→ Task directions:
Once the pictures are set aside, output all the records exactly.

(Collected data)
********

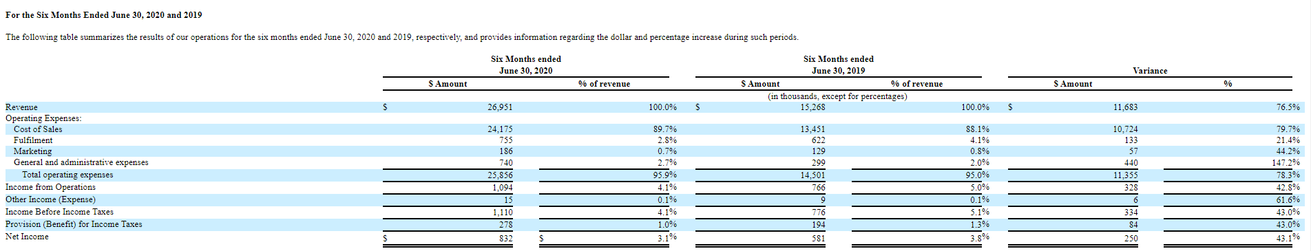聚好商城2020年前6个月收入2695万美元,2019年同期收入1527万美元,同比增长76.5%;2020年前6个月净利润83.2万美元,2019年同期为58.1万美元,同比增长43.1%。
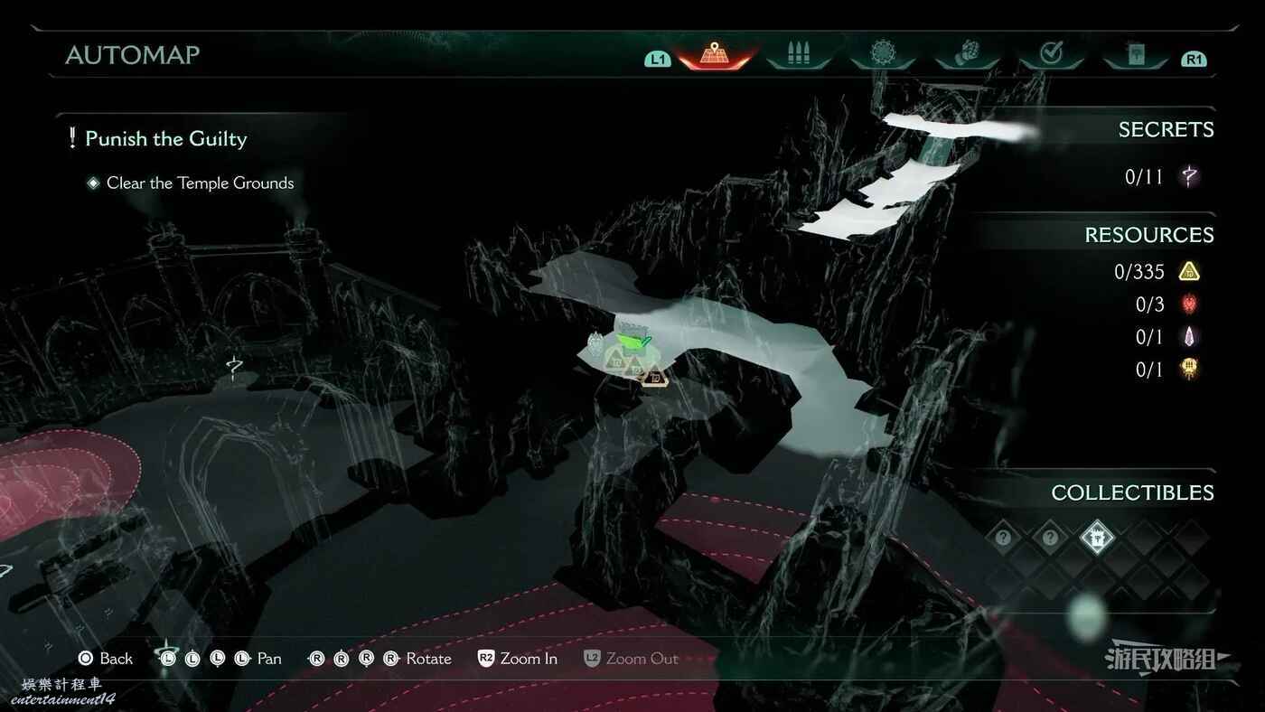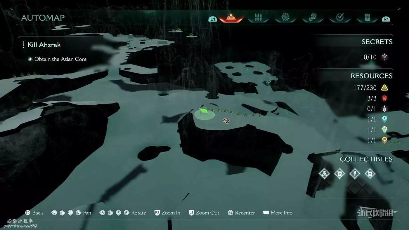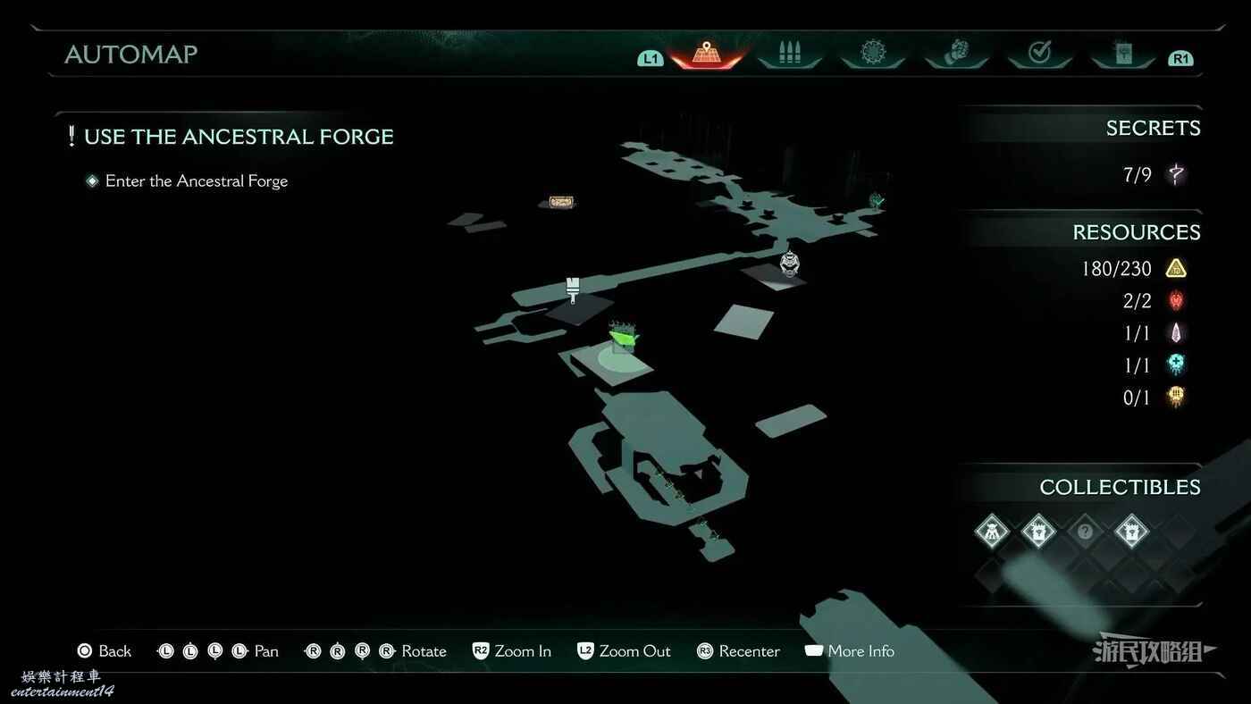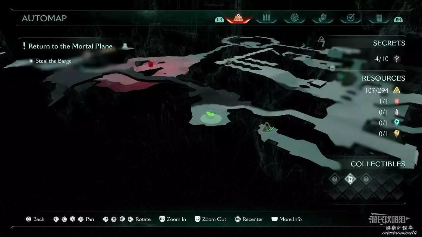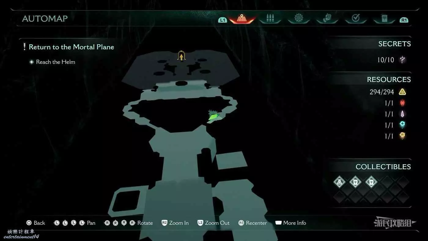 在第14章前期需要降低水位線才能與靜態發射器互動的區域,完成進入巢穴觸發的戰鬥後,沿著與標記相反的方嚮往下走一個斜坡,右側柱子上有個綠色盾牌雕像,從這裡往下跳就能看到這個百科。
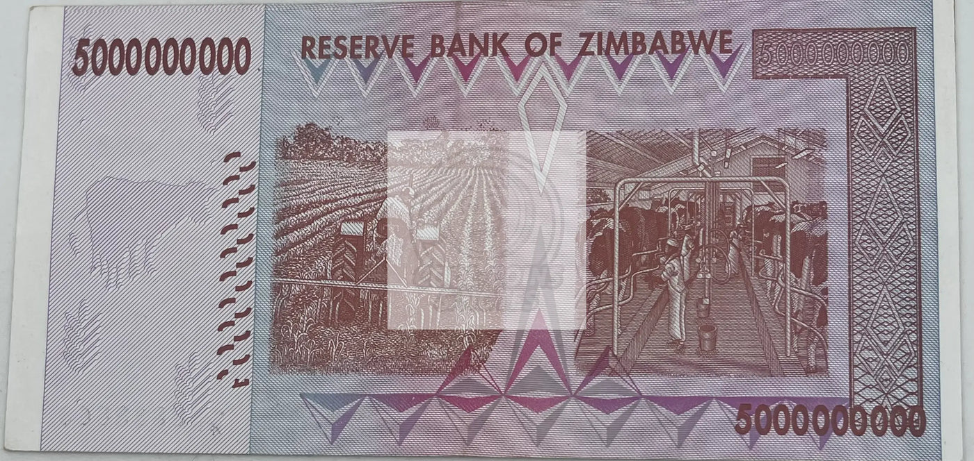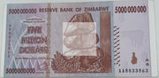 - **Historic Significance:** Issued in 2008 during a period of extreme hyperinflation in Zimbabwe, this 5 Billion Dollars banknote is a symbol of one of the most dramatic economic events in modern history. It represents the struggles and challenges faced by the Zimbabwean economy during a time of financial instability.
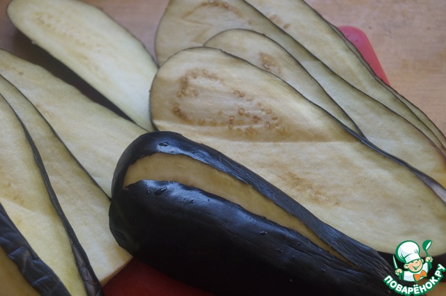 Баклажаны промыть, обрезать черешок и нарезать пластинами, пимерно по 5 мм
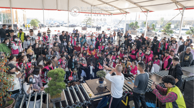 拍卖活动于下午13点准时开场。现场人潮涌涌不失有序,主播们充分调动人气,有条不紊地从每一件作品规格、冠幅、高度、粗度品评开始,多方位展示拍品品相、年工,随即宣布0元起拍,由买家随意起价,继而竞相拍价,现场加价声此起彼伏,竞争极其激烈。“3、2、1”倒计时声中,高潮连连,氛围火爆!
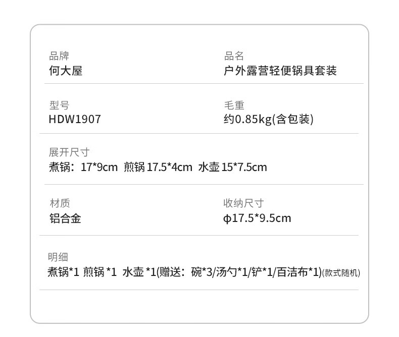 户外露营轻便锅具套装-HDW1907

********

→ Exercise solution:
聚好商城2020年前6个月收入2695万美元,2019年同期收入1527万美元,同比增长76.5%;2020年前6个月净利润83.2万美元,2019年同期为58.1万美元,同比增长43.1%。
 在第14章前期需要降低水位線才能與靜態發射器互動的區域,完成進入巢穴觸發的戰鬥後,沿著與標記相反的方嚮往下走一個斜坡,右側柱子上有個綠色盾牌雕像,從這裡往下跳就能看到這個百科。
 - **Historic Significance:** Issued in 2008 during a period of extreme hyperinflation in Zimbabwe, this 5 Billion Dollars banknote is a symbol of one of the most dramatic economic events in modern history. It represents the struggles and challenges faced by the Zimbabwean economy during a time of financial instability.
 Баклажаны промыть, обрезать черешок и нарезать пластинами, пимерно по 5 мм
 拍卖活动于下午13点准时开场。现场人潮涌涌不失有序,主播们充分调动人气,有条不紊地从每一件作品规格、冠幅、高度、粗度品评开始,多方位展示拍品品相、年工,随即宣布0元起拍,由买家随意起价,继而竞相拍价,现场加价声此起彼伏,竞争极其激烈。“3、2、1”倒计时声中,高潮连连,氛围火爆!
 户外露营轻便锅具套装-HDW1907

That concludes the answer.